Showing posts with label names and personal data. Show all posts
Showing posts with label names and personal data. Show all posts

Wednesday, September 5, 2012

Can we supplement Social Security with junk mail?

More on this concept later but it is important to note first that, according to a new Associated Press-GfK poll on public attitudes about Social Security, “…53 percent of adults said they would rather raise taxes than cut benefits for future generations.”  Keep in mind that this is today’s adults thinking about their kids and grandchildren.  There are 36% that would cut benefits and most of us would agree that are the radical conservatives, including primarily the Tea Party.

To help balance the SS budget, another “…53 percent said they would raise the retirement age, while 35 percent said they would cut monthly payments.”  Because many low income seniors depend entirely on SS as their sole means of income, an across the board cut here would not be fair.  But Social Security is one of those American institutions that we have come to expect; sorta like setting a legal precedent that guides a court in their decisions.

Now the GOP would have us believe there are ways to play with SS and make it better.  Republican supposed genius, V.P. contender Paul Ryan, presented a plan in 2005 to privatize Social Security in a way that brought such a colossal price tag that even the Bush administration called it “irresponsible.”  Further, he wants to reduce the amount of money paid out overtime leaving seniors in the lurch when costs go up.  All because of a refusal to raise taxes on the wealthy.

47% said they trust President Obama to handle SS better than Mitt Romney at 44%.  Although Romney is against raising taxes on the higher incomes, he is for slowing the growth of benefits for those with higher incomes.  In 2008 Obama said he would raise the level on Social Security payroll tax from $110,100 to $250,000.  It is obvious that what is needed is a combination of increased taxes with program adjustments, and perhaps some limitation of benefits. 

The Young Turks on Social Security one year ago:

Only 20% of young adults (those under 35) think that SS will be there for them when they retire.  And this is where that wild idea of mind came into being some seven to eight years ago that we could supplement Social Security income in the future using some of the profits the junk mail list industry makes from the sale of your name and personal data.  I know this because I spent 35 years in junk mail selling you name and private information making a lot of money.

By my estimates—and this is because junk mailers refuse to release to the public just how much they make from what should be your personal property—the list industry grosses over $4 billion every year from you name and personal data.  I came up with a formula back in 2004 to determine what would happen if one-half of that $4 billion was placed in a simple interest-bearing account in the early stages of your working career that you could tap at age 65.

The outcome was that junk mail shoppers could supplement their retirement income by an average of $607 per month.  Since a majority of Americans do buy regularly through mail order, they would automatically enrolled in the program.  Plus, when the advantages of this program were noted by the balance of the population, junk mailers would naturally add new customers.  Those people remaining would then be more manageable for the feds.
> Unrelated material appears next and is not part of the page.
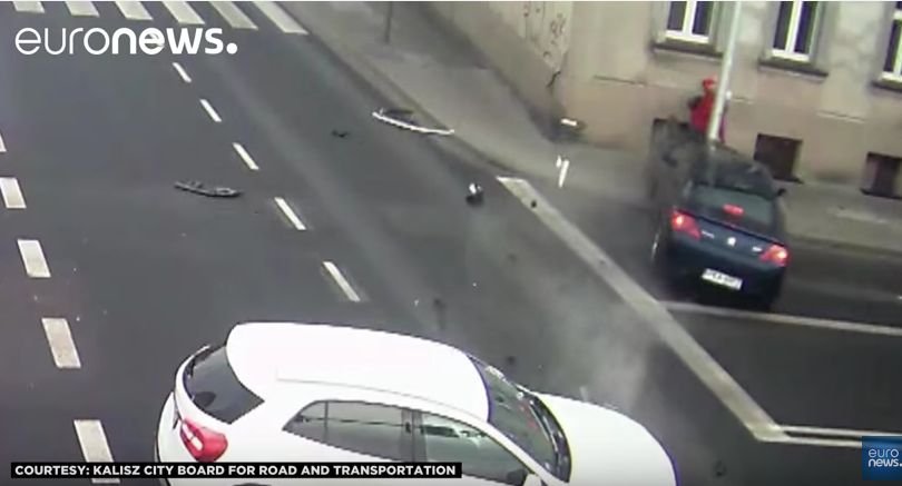 Accidentul a avut loc intr-o localitate din Polonia. Femeia a fost salvata, la propriu, de un stalp. Daca nu era stalpul, urma sa fie strivita de o masina, implicata intr-un accident rutier. Din fericire, nimeni nu a suferit rani in urma accidentului.

In 2008, nearly 40% of retirees received their income from Social Security.  Maybe it is this group where junk mail supplement should be most applied, using some kind of formulation for fairness.  Another 19% have pensions and annuities, 23.7% from earnings, 15.4% from other assets such as IRAs.  However, in low-income households, 87.6 of their income came from Social Security, another profile the junk mail supplement should favor.

In all cases, high incomes and the wealthy would be eliminated from receiving the supplements.  These conditions combined would easily increase the $607 monthly figure for others.  

FDR signs SS Act in 1934
What we have agreed on here is the fact that we want to save Social Security and most of us prefer that it stays close to its current format.  Yes, we have to attack the two biggest drains on the economy, SS and Medicare, but we don’t have to take a scalpel to it as the GOP would have us do.  A junk mail supplement may be a far out answer to the problem but, then, Social Security was considered unparalleled when FDR signed the SS Act in 1934.